On Wed, 17 Sep 2003 16:43:24 +0100, Keith Willshaw wrote:
"phil hunt" wrote in message
...
On Wed, 17 Sep 2003 11:11:24 GMT, Tom Cooper wrote:
Then no-one with any sense will buy from them. Note that in
mass-market software, this is already happening: many countries[1]
are moving away from Microsoft Windows towards Linux because they
don't want the US govmt to spy on them, or to be dependent on forign
technology.
[1]: e.g. Germany, Peru, Venezuela, Brazil, Thailand, China, Japan,
South Korea.
Nonsense
I work for a software company that has versions of its product
available on various flavours of Unix including Linux as well
as Windows. We havent made a new Unix sale in 5 years,
the overwhelming demand is for NT/Win2k/XP versions
and that includes clients in Germany, China, Japan and
South Korea.
So the fact that people don't apparently want to use the Unix
version of *one particular software package*, is somehow meant to
indicate that the govmts of these countries haven't set up
initiatives to switch some or all of computers in govmt use to
Linux?
If that's the state of your logic, I hope they don't employ you as
a programmer!
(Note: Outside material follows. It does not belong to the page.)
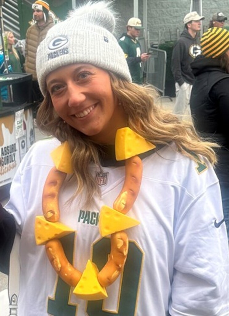 As seen on Video Reels from Charlie Berens the famous Brat and Cheese custom Packer necklace. 2 pack set. All inclusive pricing.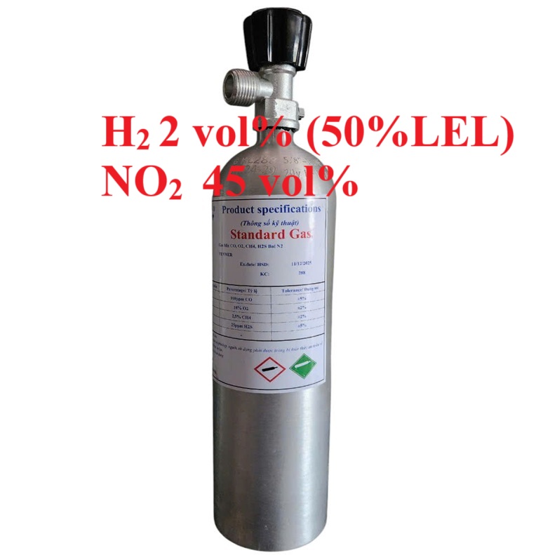 Chai khí H2 Hydro 50 % LEL NO2 45 vol % hiệu chuẩn

BTW, the last car I owned was made by an American
company; this proves that no companies outside the USA manufacture
motor vehicles.
For specialist applications some organisations withing those
countries may well choose Linux, we use it for our web
servers but I'll bet that 90%+ of the PC's on desks in
those nations are running Windows
Yes, you're probably right -- after all, if no-one was using
Windows, then there would be no desire to switch from Windows. The
question is, what will they be using in 5 or 10 years time?